2019-01-27 13:37:34 DEBUG (MainThread) [pyotgw.protocol] Sending command: PR with value T
2019-01-27 13:37:34 DEBUG (MainThread) [pyotgw.protocol] Got possible response for command PR: PR: T=11
2019-01-27 13:37:34 DEBUG (MainThread) [pyotgw.protocol] Sending command: PR with value V
2019-01-27 13:37:37 ERROR (MainThread) [pyotgw.pyotgw] Timed out waiting for command: PR, value: V.
2019-01-27 13:37:37 DEBUG (MainThread) [pyotgw.protocol] Sending command: PR with value W
2019-01-27 13:37:37 DEBUG (MainThread) [pyotgw.protocol] Got possible response for command PR: PR: W=A
2019-01-27 13:37:37 DEBUG (MainThread) [pyotgw.protocol] Sending command: PS with value 1
2019-01-27 13:37:40 ERROR (MainThread) [pyotgw.pyotgw] Timed out waiting for command: PS, value: 1.
2019-01-27 13:37:40 DEBUG (MainThread) [homeassistant.components.opentherm_gw] Connected to OpenTherm Gateway at socket://otgw.abcd.ab:6638
2019-01-27 13:37:40 DEBUG (MainThread) [pyotgw.protocol] Sending command: PS with value 0
2019-01-27 13:37:40 DEBUG (MainThread) [pyotgw.protocol] Got possible response for command PS: PS: 0
2019-01-27 14:46:54 DEBUG (MainThread) [pyotgw.protocol] Watchdog triggered!
2019-01-27 14:46:54 DEBUG (MainThread) [pyotgw.protocol] Canceling Watchdog task.
2019-01-27 14:46:54 DEBUG (MainThread) [pyotgw.pyotgw] Scheduling reconnect...
2019-01-27 14:46:54 DEBUG (MainThread) [pyotgw.pyotgw] Reconnecting to serial device on socket://otgw.abcd.ab:6638
2019-01-27 14:46:54 ERROR (MainThread) [pyotgw.protocol] Disconnected: None
'''
popoviciri commented 5 years ago

OK, I've been running for two days with debug logging the components and HASS still didn't crash.

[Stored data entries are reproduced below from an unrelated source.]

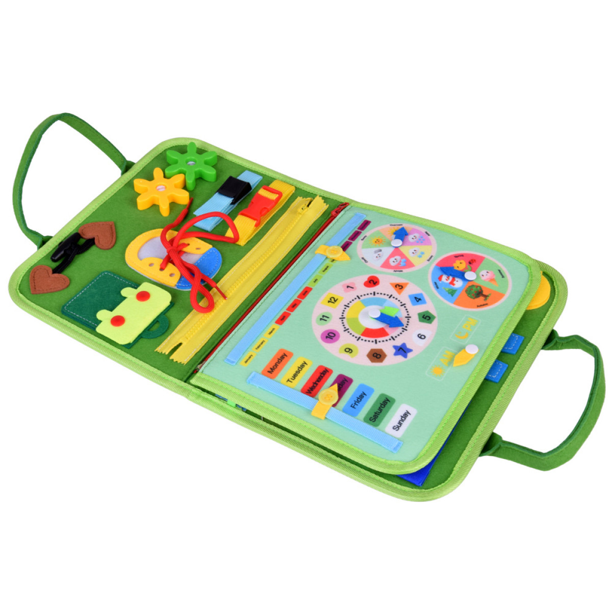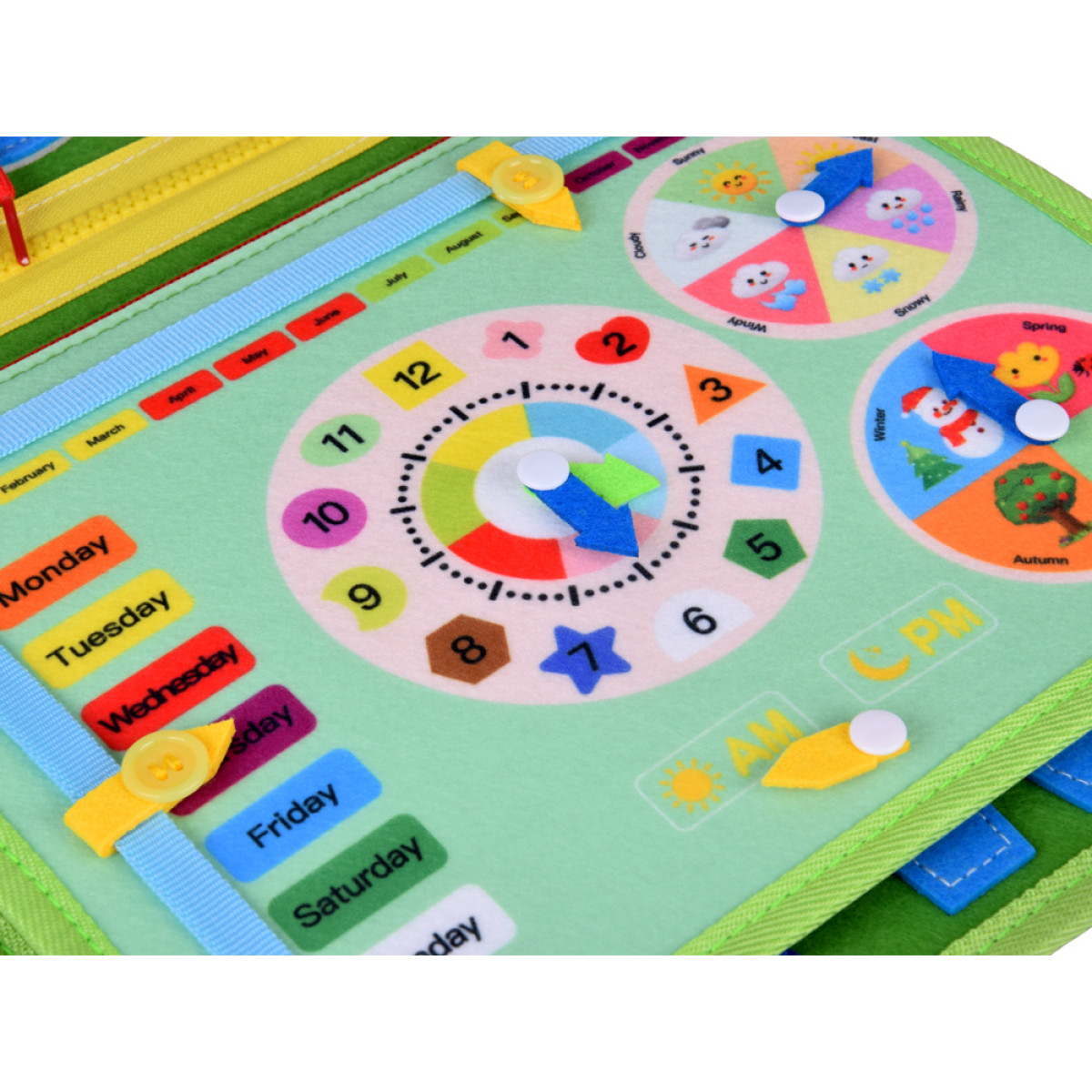 - Kalendārs un pulkstenis: nedēļas dienu, mēneša, gadalaiku un laika apstākļu rādītāji, kā arī pulkstenis ar rotējošām bultiņām – laika un dienas ritma mācīšanās caur spēli.
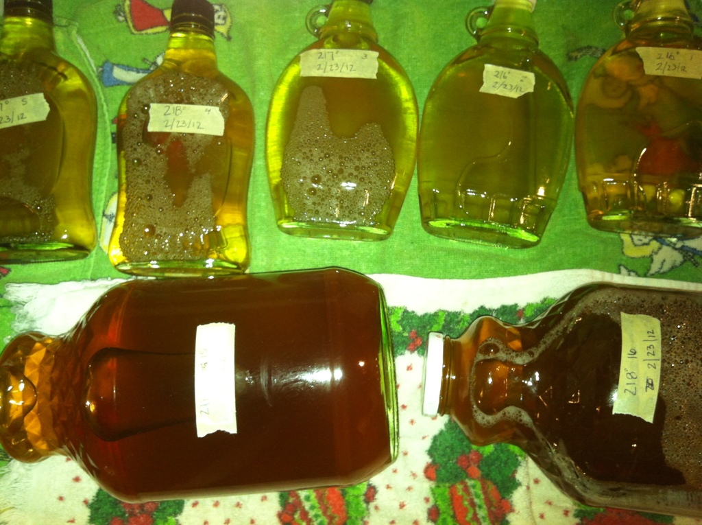 From approx. 100 gallons of sap, we have over 1.8 gallons of syrup. Final cooking was done in two kitchens, Andy’s and Evelyn’s. Now, onto dinner and dancing!!
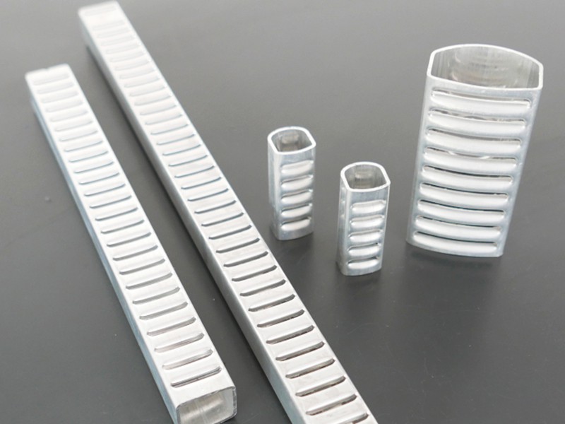 This condenser header pipe punching machine is PLC control, HMI operation. Manually inserting aluminum pipe onto core axis, pressing down start button, the machine will automatically position, insert core axis, clamp, lubricate, punch, shock, draw core axis, raise and automatic release finished header pipe.
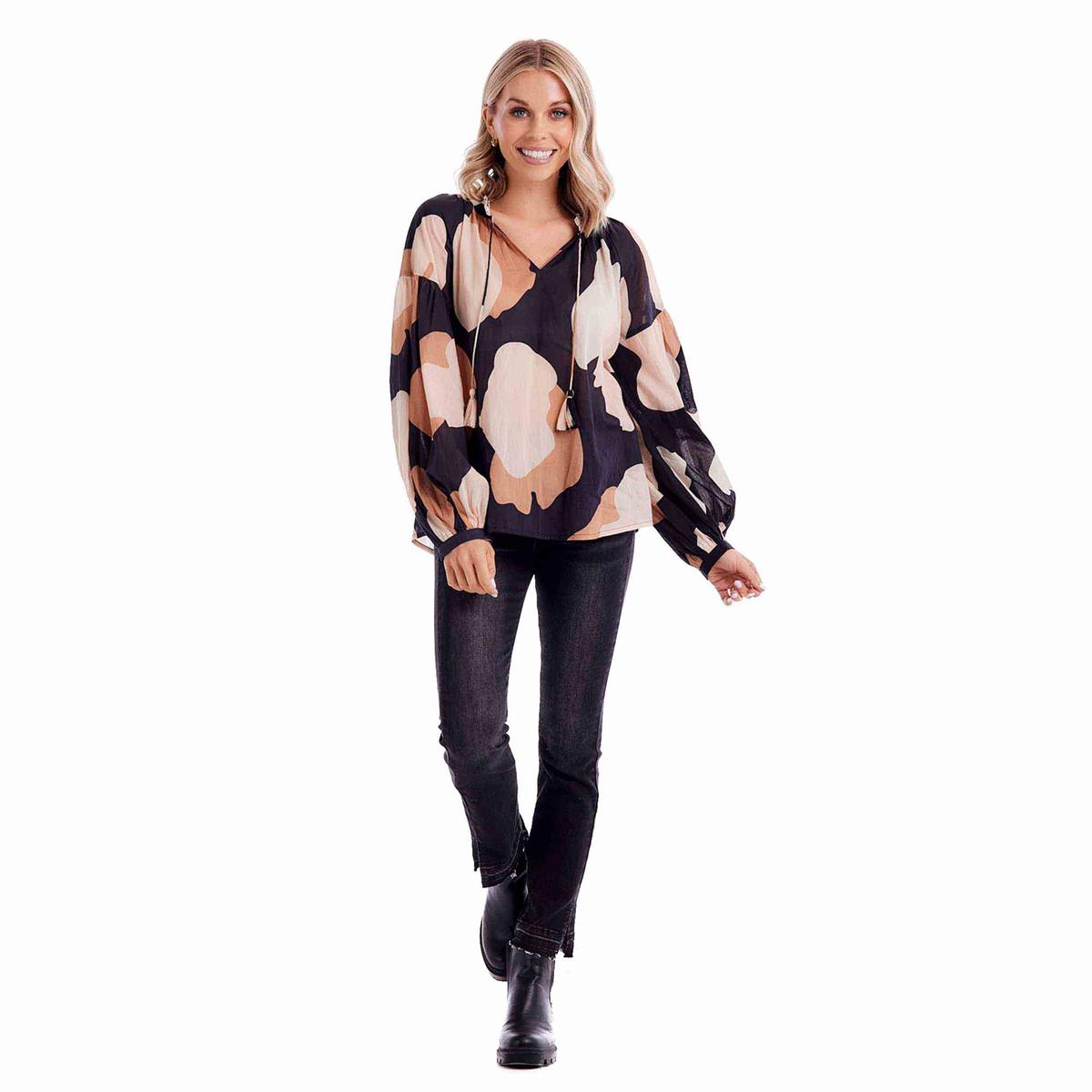 Cotton voile top features custom prints, balloon sleeves and V-neck with tassel ties. Measures approximately 25 1/2" from shoulder to hem on size small.
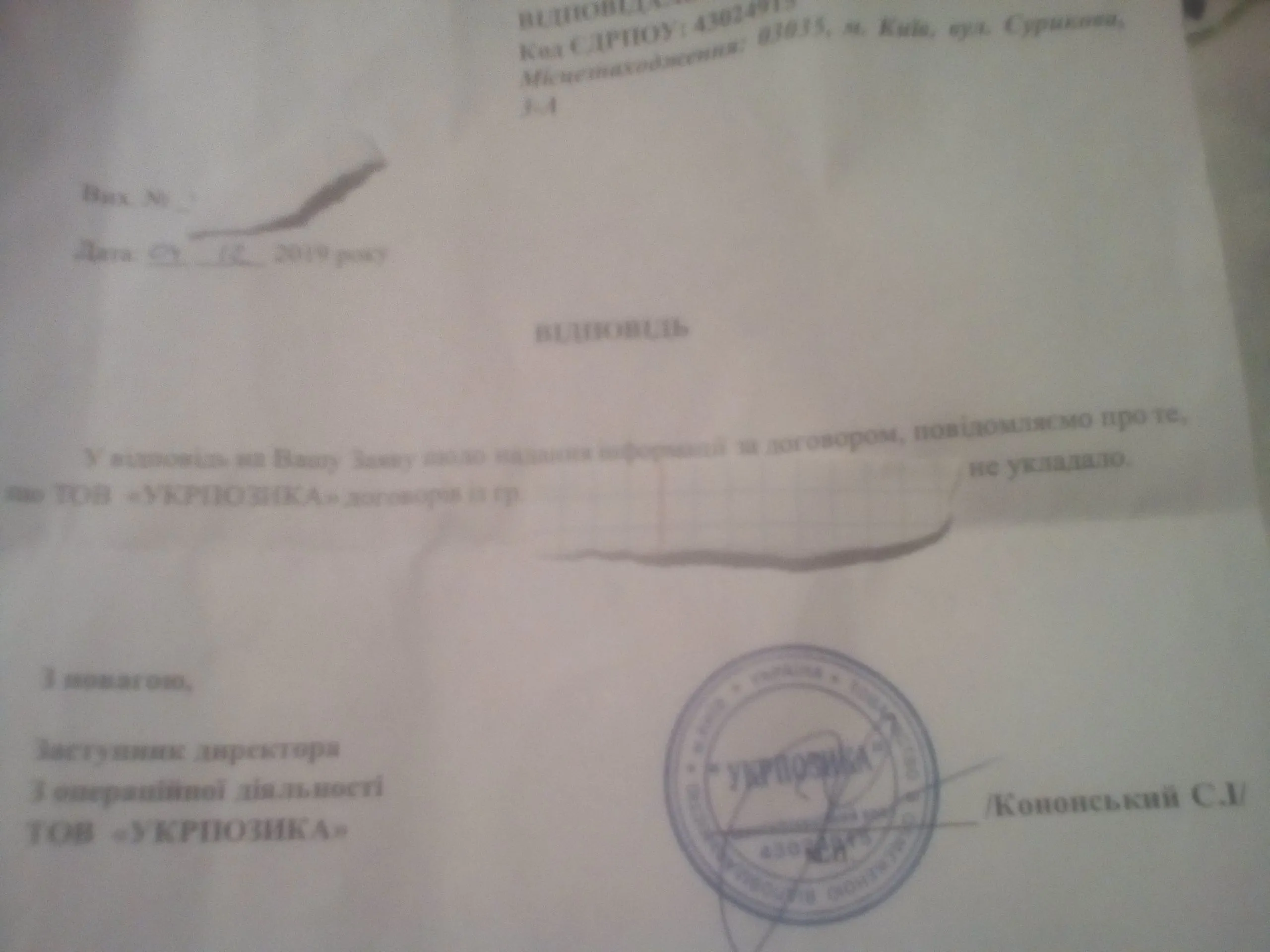 Нет, туда я не обращалась. Я написала в Укрпозику, чтобы они выслали мне договор, отправила 18 октября. И вот такой ответ сегодня получила.
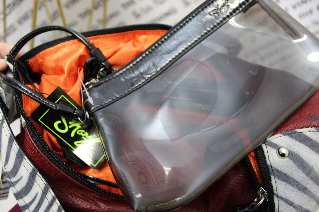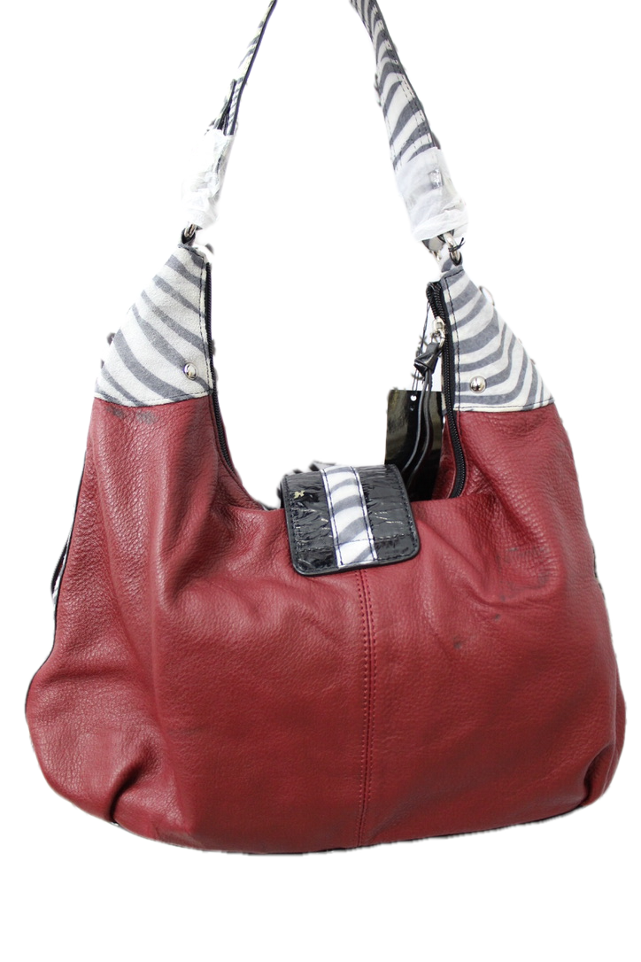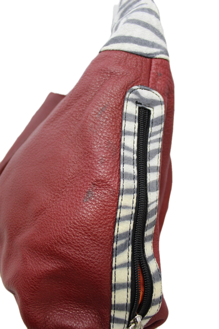 Sharif Studio Vintage Deep Red Zebra Vegan Tote Handbag Large Shoulder NWOT
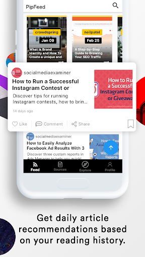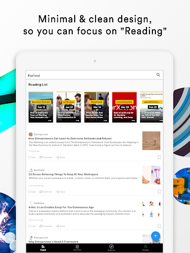 Now you can save time and energy finding the best newspaper online and articles to read based on your interests. Pipfeed combines news reader and article reader features into one powerful app that brings you the best and most up to date articles and news on one app. You can read sports news, latest US news, world news, articles on tech blogs, art, travel, leisure, and many other topics. You can get smarter and broaden your perspective while enjoying yourself with well written articles and news from trusted source and avoid. Elevate your reading experience with PipFeed today, the best news feed and article readers for you.
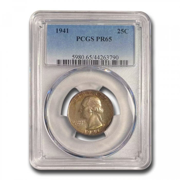 This 1941 Washington Quarter has been certified as PR-65 by PCGS, one of the top two coin grading services. This highly collectible coin is a great addition to any numismatic collection.
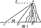 8.如图3,河旁有一座小山,从山顶A处测得河对岸点C的俯角为30°,测得岸边点D的俯角为45°,C、D、B在同一水平线上,又知河宽CD为50米.则山高AB是
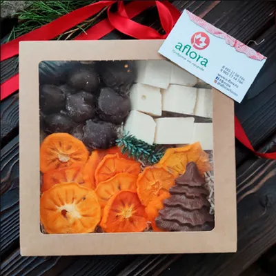 Продукты упакованы в красивую плотную картонную коробку с окном. В коробочку можем вложить визитку с надписью (сообщите менеджеру при заказе, если хотите дополнить набор поздравительной открыткой или запиской).
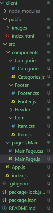 client 폴더 구조 먼저 public 폴더에 필요한 이미지들을 images 폴더를 만들어 넣어두었습니다. public 폴더에 이미지를 넣어두면 이미지를 불러올 때 ./images/blabla.png 라고만 적어도 되어서 간편하다.

I get the occasional

2019-01-30 15:12:53 DEBUG (MainThread) [pyotgw.protocol] Watchdog triggered!
2019-01-30 15:12:53 DEBUG (MainThread) [pyotgw.protocol] Canceling Watchdog task.
2019-01-30 15:12:53 DEBUG (MainThread) [pyotgw.pyotgw] Scheduling reconnect...
2019-01-30 15:12:53 DEBUG (MainThread) [pyotgw.pyotgw] Reconnecting to serial device on socket://192.168.1.175:23
2019-01-30 15:12:53 ERROR (MainThread) [pyotgw.protocol] Disconnected: None
2019-01-30 15:12:56 DEBUG (MainThread) [pyotgw.pyotgw] Connected to serial device on socket://192.168.1.175:23

but everything runs smooth. Puzzling. I'll report back in a couple of days or when HASS crashes. Cheers

popoviciri commented 5 years ago

4 days without a hitch now. I'm closing this, though it did bother me for couple of weeks. It just won't crash again. I'll start using it in more advanced automations. Thanks for the opentherm_gw component! Cheers!